Before Google kills products, they lose interest in them.



It can create problems from a different angle, though. Google might lock your account for no reason for a week, without any explanation. If that happens, it's your problem if you lose your whole business after a week of downtime. Since it's Google, you can't even contact support.

This has happened to me a couple of times. Once, my account was locked for a day because their system flagged one of my servers for suspicious traffic. They locked all my servers, databases, and everything else, not just that one server. Another time, they locked a different project for a week. It actually took me a week to find a human who could unlock it; otherwise, it could have been even longer. I still don't know the reason for the lock.

So the main problem is that Google don't care about GCP at all, and threat paid customers in same way as free users (i.e., hostile to both)


GCP doesn't really have the Google problem of lacking support contacts. I've managed relationships with GCP for a couple of different companies now (from startup to mid-size enterprise), and in all cases I had multiple dedicated account reps that I could not only get on a phone, but frequently met with in person.

Maybe the story is different for very very small fish, but I had decent experiences with support even at the ~20-person company spending ~5k/month level.


My company spends maybe $4k/mo with GCP, and I have absolutely no idea who my "dedicated account rep" is. I did have someone contact me way back when, but after finding out we aren't VC funded they literally ghosted me.

I don't really enjoy being on GCP for that reason, but I need it for BigQuery, so...


After the last incident (with a week of downtime) I learned that they have a paid support, which you have to sign up in advance so it didn't work for us at that moment.

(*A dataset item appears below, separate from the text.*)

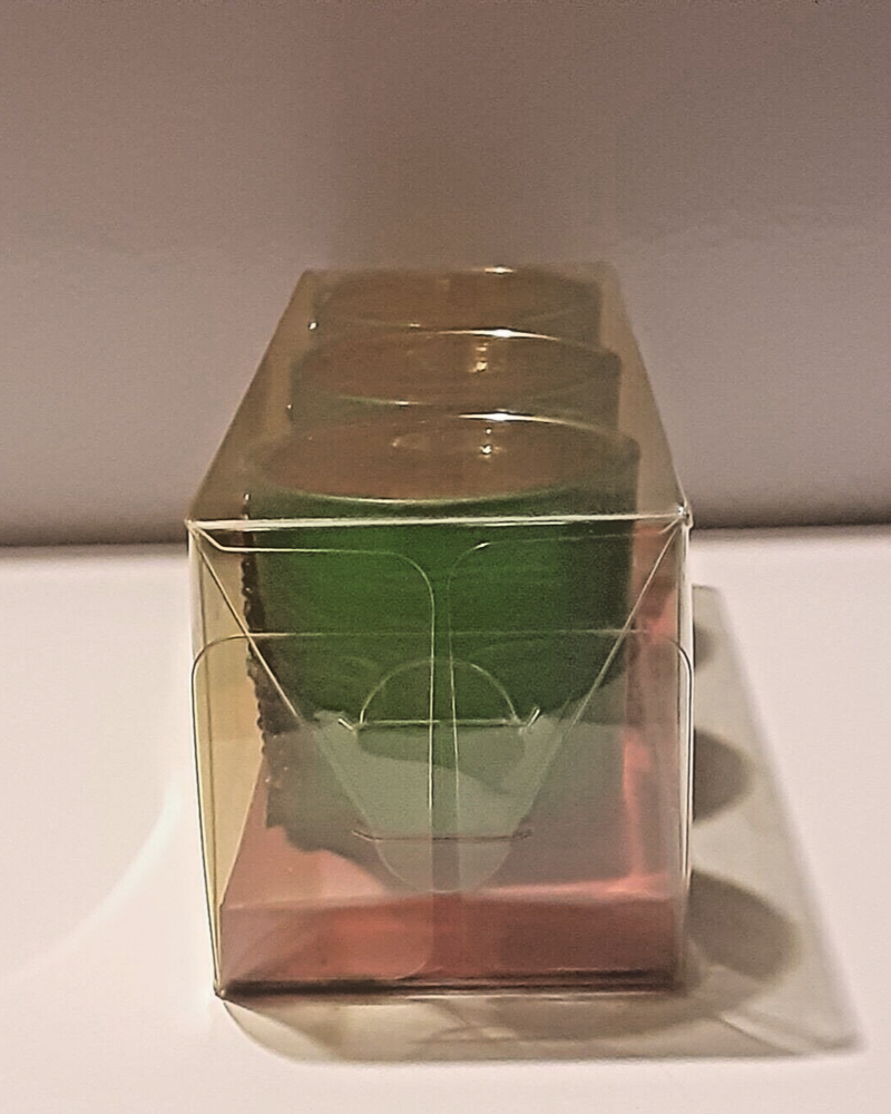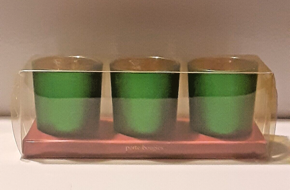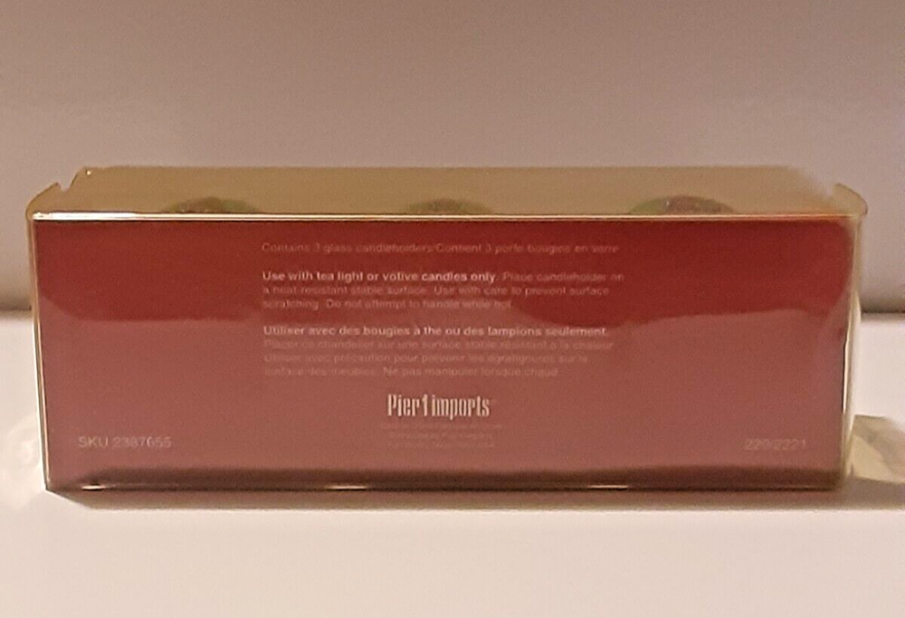 Elevate your holiday decor with this Pier 1 Imports Mercury Glass Beaded Christmas Tree Candle Holder set. This set includes three green candle holders with glass bead decor in the design of a Christmas tree. New old stock. Please note: candles have never been burned, but are a little melted with age.
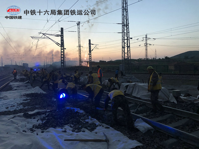 項(xiàng)目部主要承擔(dān)神池南站道岔及渡線人工清篩換砟小機(jī)搗固、更換曲線磨耗軌、神池南站成組更換道岔疲勞軌件及更換PG5鋼軌。

Now we signed up for it, though I still not sure how it works and how I supposed to contact them in case of an emergency. All I see they charge us something for that support agreement, hope I will never need it.


Maybe it also depends on a country? In my country the AWS support is incomparable.


That's exactly why would I newer support opting for GCP.

With AWS, we have our account manager, whom I can call and he actually has some powers and can fix and do stuff for us.


Surprise surprise, paid GCP customers get the same.


Not in my experience, unfortunately. The reps we got with GCP could give us advice, but no real powers to push stuff or solve problems, it felt more like L1 support. As described bellow, maybe it depends on a company size and/or a country.


our account manager definitely opened doors for us and got us in touch with experts that could solve our issues.

150 sized company in a small EU country. We have a silver enterprise contract.


> paid GCP customers get the same

I think paid may be relative with GCP.


Not going to happen; they kill consumer- not enterprise products. I searched https://killedbygoogle.com/ for "Google Cloud" and the only dead enterprise products that stood out were Google Cloud Messaging and Google Cloud Prediction API. But they replaced those with Firebase Cloud Messaging and the AI Platform Prediction API.


And Enterprise Hangouts:

> Workspace customers (the paid business version of Google apps) finally had Hangouts removed in March 2022

And Google Domains..

And Google Cloud IoT Core..

And Google Go Links..

And Google Maps Coordinate..

...


It's not highly unlikely. Google has so much ad money at hand, anything else hardly matters.